Руки-то мои, да соха не моя,
а моя соха – земля не моя.
Не родная ты мне мать, а мачеха ты,
а была бы матерью – расступилась бы,
схоронила бы меня, сынка сберегла…
Ты прощай, Россия-мать, родная земля!..
Скоро ли увидимся, дальние поля!»
Не отводит Ленин глаз
от суровых лиц солдат,
песню слушает, а песня,
отзвучав, оборвалась,
позади осталась где-то –
в тех просторах необъятных,
в тех стремглав бегущих пятнах
вечереющего света, -
затерялась,
унеслась…
В этой песне Ленин слышал
по земле тоску.
Она
в песнях Волги и Сибири
с давних пор заключена.
Он встречал ее повсюду,
где бы к трудовому люду
сердцем он ни припадал.
Песня кончилась.
Он встал,
подошел к фронтовикам
и расспрашивать их стал:
каково им воевалось,
каково им было там,
где в сырой земле осталось
столько братьев их – солдат?
Каковы их офицеры?
Что на фронте о Советах,
о свободе говорят?
И тогда солдат один
из нагрудного кармана
вынимает ключ дверной:
- Поглядите, гражданин,
вот уже четыре года
я ношу его с собой;
вы скажите, гражданин,
кто же, кто повинен в том,
что уже четыре года
заперт на замок мой дом? –
И торопятся колеса
и бегут, бегут, стуча,
и одна в углу вагона,
трепеща, горит свеча.
Просыпаются солдаты,
обступают Ильича,
отвечают на вопросы
и вопросы задают, -
с незнакомым человеком
задушевную беседу,
как с товарищем, ведут.
Ночь прошла, уже светает,
и уже, в вагон смотря,
разгорается, мелькает
за деревьями заря,
и уже на небосводе
ярко-красный луч горит…
О земле и о свободе
незнакомец говорит:
- Ни рабочим, ни крестьянам,
ни солдатам не нужна
эта тяжкая война.
Власть богатых не нужна нам,
воли требует страна.
Жизнь под гнетом – горше смерти,
как поддашься – пропадешь.
А эсерам вы не верьте:
все их обещанья – ложь.
Вы покончили с царями,
да помещики над вами.
Чем они сильны?
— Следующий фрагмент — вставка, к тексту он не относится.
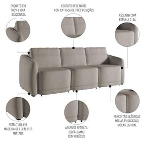 Essa peça impressionante foi projetada para trazer conforto e estilo ao seu espaço, principalmente com o recurso retrátil, em que você pode ajustar facilmente o sofá para atender às suas necessidades de assento, além de aproveitá-lo como cama e acomodar perfeitamente as suas visitas. Isso porque, a espuma D26 garante o máximo de conforto, enquanto o revestimento de alto padrão acrescenta um toque de elegância. Seja para assistir a um filme ou para receber convidados, esse sofá 3 lugares será o complemento perfeito para a sua sala de estar.
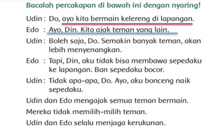 1. Dari kalimat yang bergaris pink dan biru, manakah yang merupakan kalimat ajakan?

Землей.
Нужно их с земли – долой!
Достоянием народа
скоро станет вся земля,
и богатые подарки
принесет ему природа,
жажду счастья утоля;
и не может быть иначе, -
поведет Россию нашу
власть рабочих и крестьян,
и светлей ее и краше,
и сильнее и богаче
не найдется в мире стран.
У солдат светлеют лица
и в глазах рассвет лучится,
блещет неба глубина.
Близко русская граница
и родная сторона,
и бегут назад перроны,
перелески, перегоны,
и врывается в вагоны
беспокойная весна.
(Перевод с азербайджанского А. Тарковского)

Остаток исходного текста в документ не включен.